Always felt it was a shame that scheme in a grid was abandoned (and last I tried getting it up and running I gave up;I believe the only viable option is to change the gui library - and that didn't seem trivial at the time. I suppose these days one might rustle up an ancient version of Slackware in a docker container...).
> Excel is a piece of software that I would absolutely not hesitate to pay for... but I'm unfortunately stuck with LibreOffice.
But... according to the rest of your post, you _did_ hesitate to pay for it and are finding that LibreOffice doesn't fit your needs. So why not buy Excel?
You can run it in a VM, but at that point you're already settling for a sub-optimal experience, so why not try a alternative that's free and packaged for your OS?
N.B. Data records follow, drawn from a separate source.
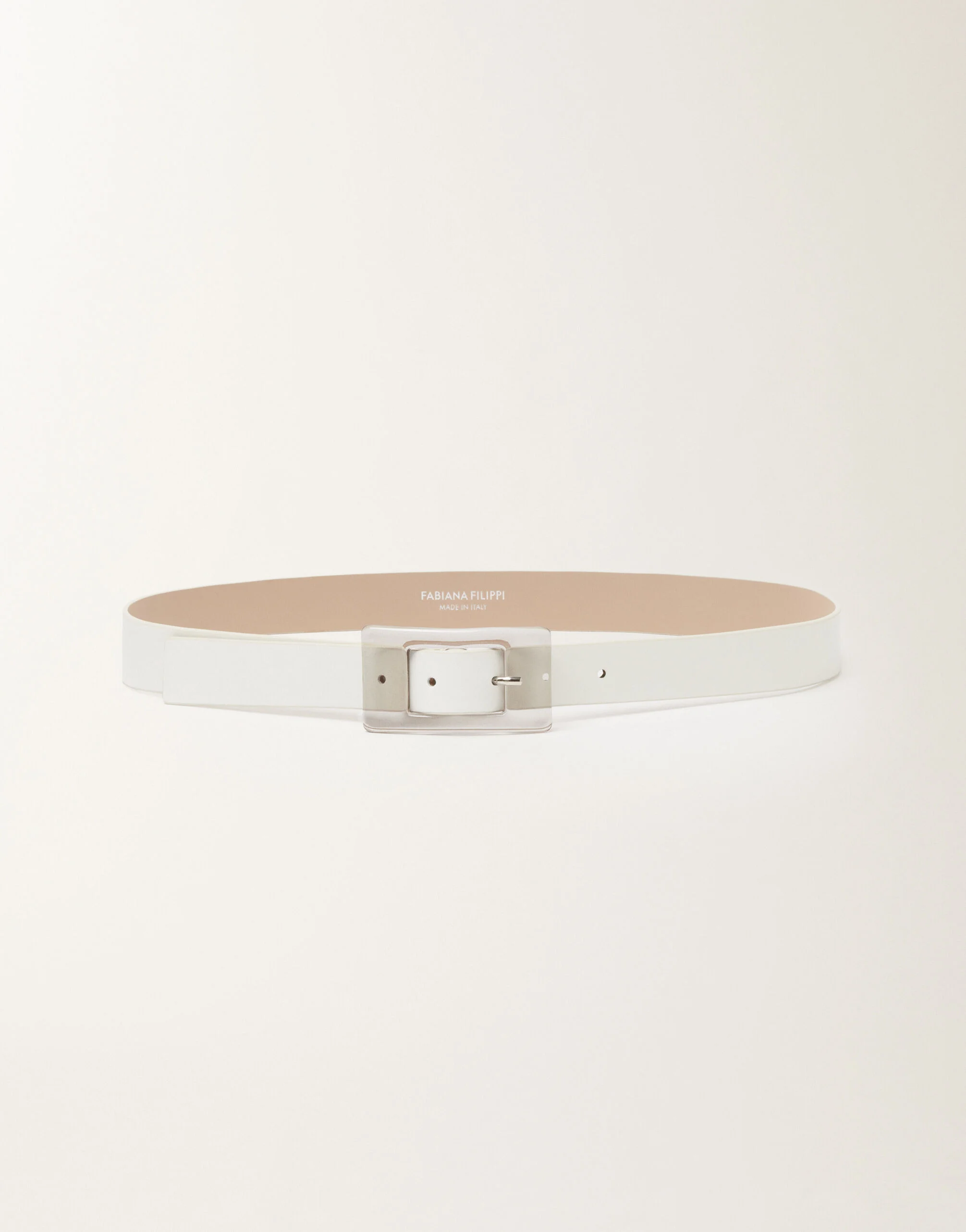 Contemporary design belt in soft calf leather, enhanced by a plexiglass buckle that defines its style. Entirely made in Italy using sustainable processes. The model is 1,8 m tall and wears size IT 40. Details Plexiglass buckle 100% calf leather Made in Italy Model AAD266A860M02600000145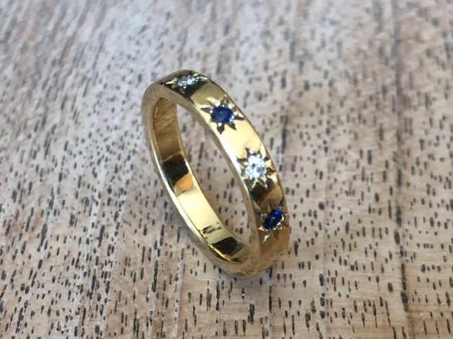 Hand forged, 4mm band, flush set with 2.25mm blue sapphires and diamonds. If not in stock, please allow 2-3 weeks to make as each piece is handmade.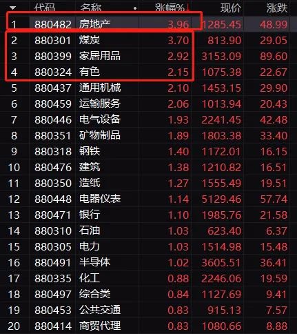 今天上午又是暴动起来,房地产板块大涨3.96%,煤炭有色等板块也活跃起来。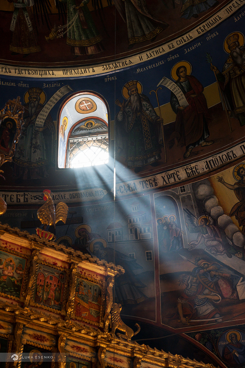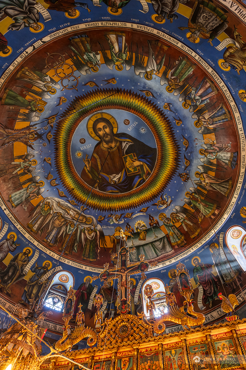 The next morning we prepared an easy breakfast, packed our campsite and returned to the village. We walked to the church, which was now open for the Sunday ceremony. Built in 1841 by a local leader named Gjurčin Kokale, the Church of St. George (Црква Св. Ѓорѓија) was designed to look like a fortress to protect the villagers from bandit raids, which were common in the “Wild West” days of the Ottoman Empire. The exterior is all tough, defensive stone, but the inside is pure art. It features a stunning iconostasis and vibrant frescoes painted by Dicho Zograf, the most famous Mijak painter of the 19th century.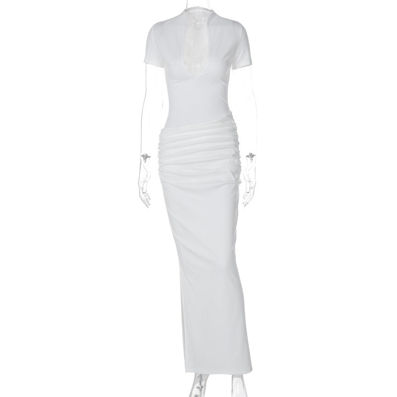 Deep V Short Sleeve Solid Color Hot Girl Style Pleated Long Dress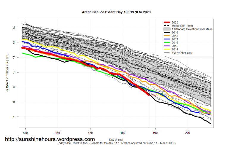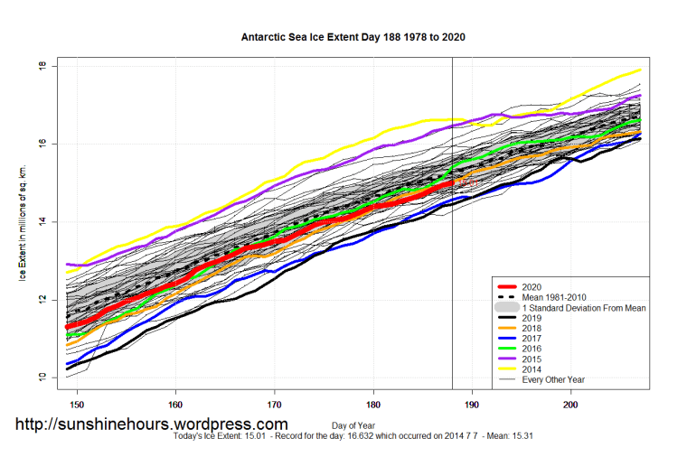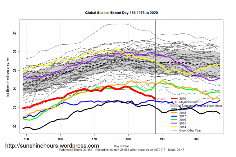 Sea Ice Extent (Global Antarctic and Arctic) – Day 188 – 2020 Published on July 7, 2020July 7, 2020 by sunshinehours11 Comment South / North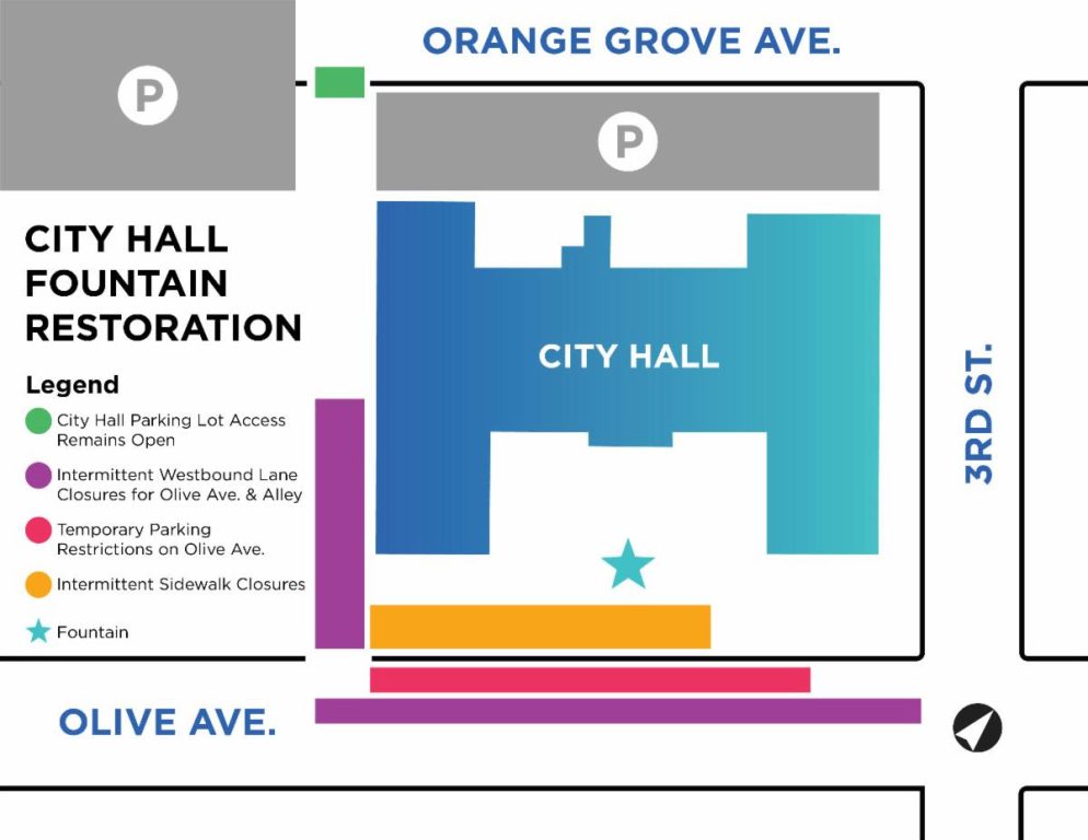 • Parking Restrictions: Parking directly in front of City Hall on Olive Avenue will be temporarily restricted from Third Street to the alley beside City Hall.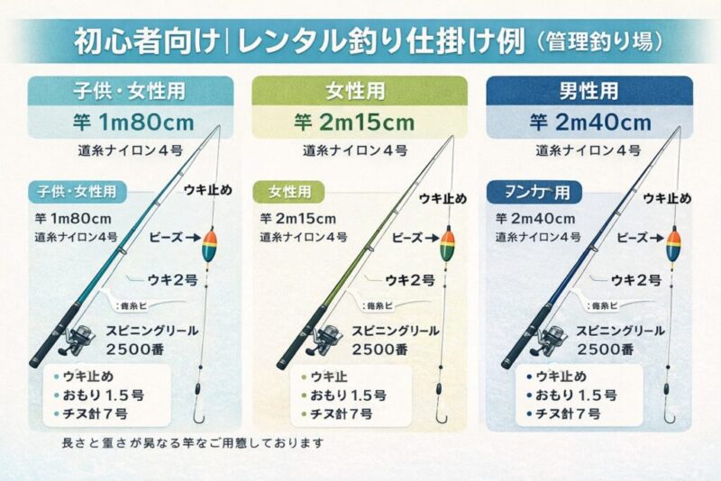 自分のタックル(竿・リールなど)を使う片はレンタルタックルが見本になると思います。

I had the same issue with LibreOffice choking with big datasets so I've started using SoftMaker PlanMaker for loading anything with more than a few hundred records. It's works just fine with documents with tens of thousands of rows and it allows me to do the - admittedly very simple - calculations and charting I need.
The whole SoftMaker Office suite is pretty nice. Not sure where it's on feature parity with Microsoft Office, but the price isn't terrible (something like $20 a year for the paid version, or free if you don't care about the paid features) and it does a great job of reading Office files.
* You could argue that I'm using the wrong tool for the job.*
You are. You could try this reporting tool instead: http://pebblereports.com it has an Office like interface, works really well with databases and has performant crosstabs.
You're assuming an underlying model for the data. You have a test statistic( that estimates a model parameter) and you have a hypothesis regarding a parameter. The p-value is the probability that you get a test statistic more extreme than the one observed assuming that your hypothesis is true.
Ex. You have a sample of 1000 men's heights. You compute the sample average height as 5'9 and a sample standard deviation of 3 inches.
(Unlikely) hypothesis: the average height is 4 feet. Your p-value is the probability of getting an sample average more extreme than 5'9 given that your 4 ft height hypothesis is true. Given that the sample standard deviation is 3 inches and 5'9 is 7 standard deviations from 4ft... the p-value is going to be small, so you'll reject that.
People can be easily lead to misinterpret p-values even if they can define them. Most often people assume that p values indicate something about the correctness of a model or an inference. This is the classic p(d|h) v p(h|d) debate.
It doesn't take long to learn Julia well enough to write a Julia package that others will use. For me, that was about 3 weeks @ 10-15 hours a week, and I'm no programmer. It's a small language and it's quite readable. I'd reccomend going through the Julia manual; it doesn't take long and only requires some diligence.
The problem is the lack of packages/libraries and lots of documentation is still missing. That, and the packages that do exist with multiple contributors are still in disagreement about standards and consistency.
You might also find graduate level programs that are similar in aim; my school also offers an MMath in Computational Mathematics [2].